* Data segment *
—————

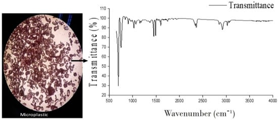 Characterization of the polymeric material of the MPs was carried out by Fourier Transform Infrared Spectroscopy (FTIR), a standard analytical technique used to identify unknown polymer types. MP samples produced a resultant spectrum in the Far-IR range of 689/cm to 4000/cm, at a resolution of 0.7/cm using a JASCO FT/IR-4600 FT-IR spectrometer. The type of polymer was identified by matching the obtained spectra against the inbuilt library database (Sadtler database NDUPP-X).
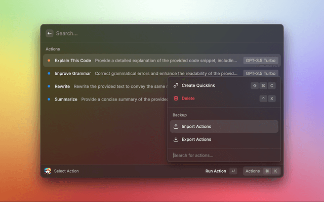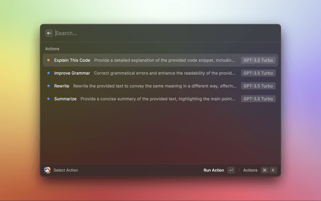 Alice AI is a daily productivity tool that uses your selection to execute actions using OpenAI's GPT models. It allows you to easily browse your actions, execute them, and go back to your result history. You can also add your own actions, create quicklinks to them, and back them up.
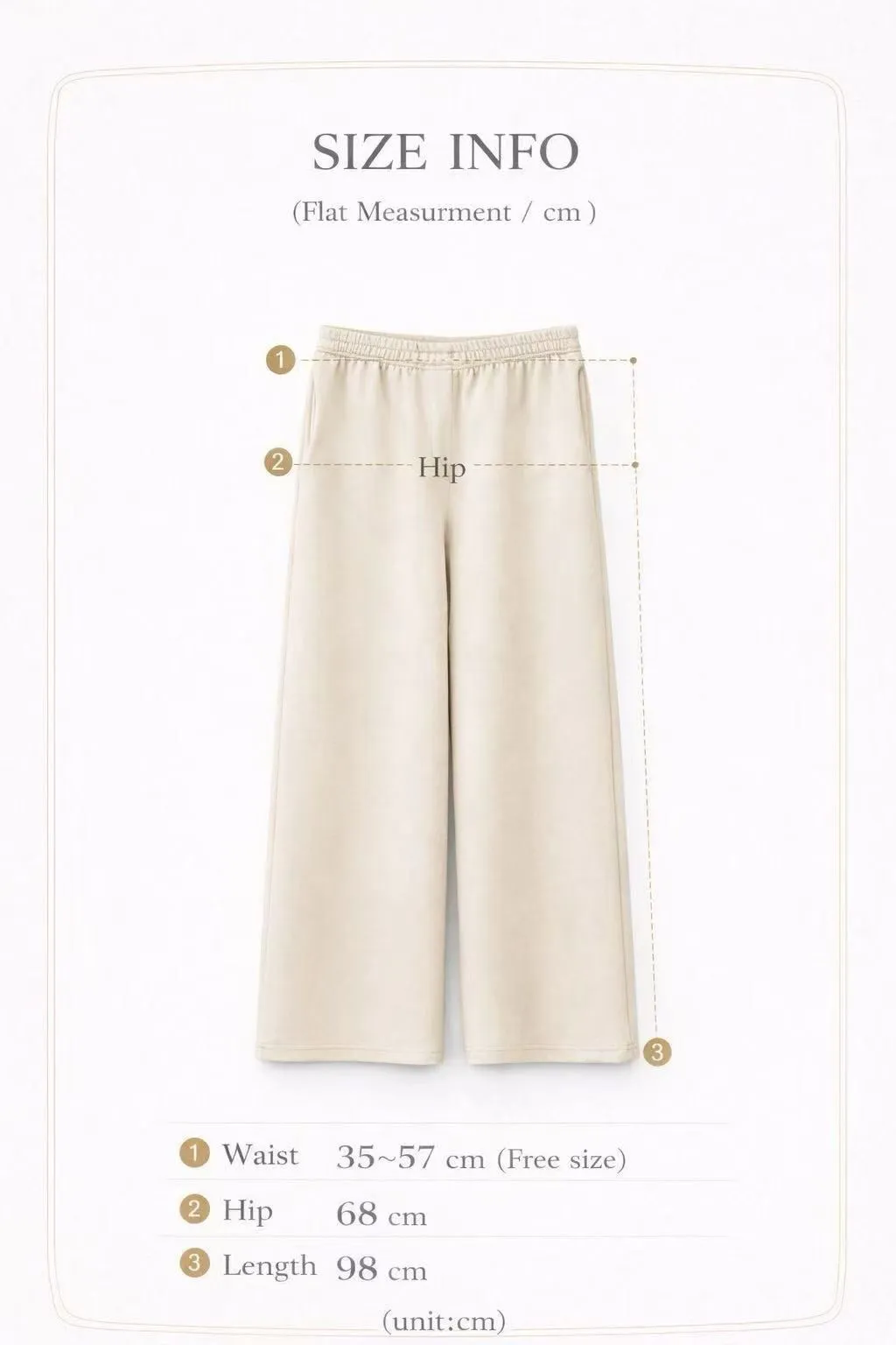 腰35-57臀68褲檔36全長98cm(以上尺寸為<單面平量/CM>)

—————

* Your instructions *
Transcribe the data exactly and leave no picture in the copy.

* Answer section *
 Characterization of the polymeric material of the MPs was carried out by Fourier Transform Infrared Spectroscopy (FTIR), a standard analytical technique used to identify unknown polymer types. MP samples produced a resultant spectrum in the Far-IR range of 689/cm to 4000/cm, at a resolution of 0.7/cm using a JASCO FT/IR-4600 FT-IR spectrometer. The type of polymer was identified by matching the obtained spectra against the inbuilt library database (Sadtler database NDUPP-X).
 Alice AI is a daily productivity tool that uses your selection to execute actions using OpenAI's GPT models. It allows you to easily browse your actions, execute them, and go back to your result history. You can also add your own actions, create quicklinks to them, and back them up.
 腰35-57臀68褲檔36全長98cm(以上尺寸為<單面平量/CM>)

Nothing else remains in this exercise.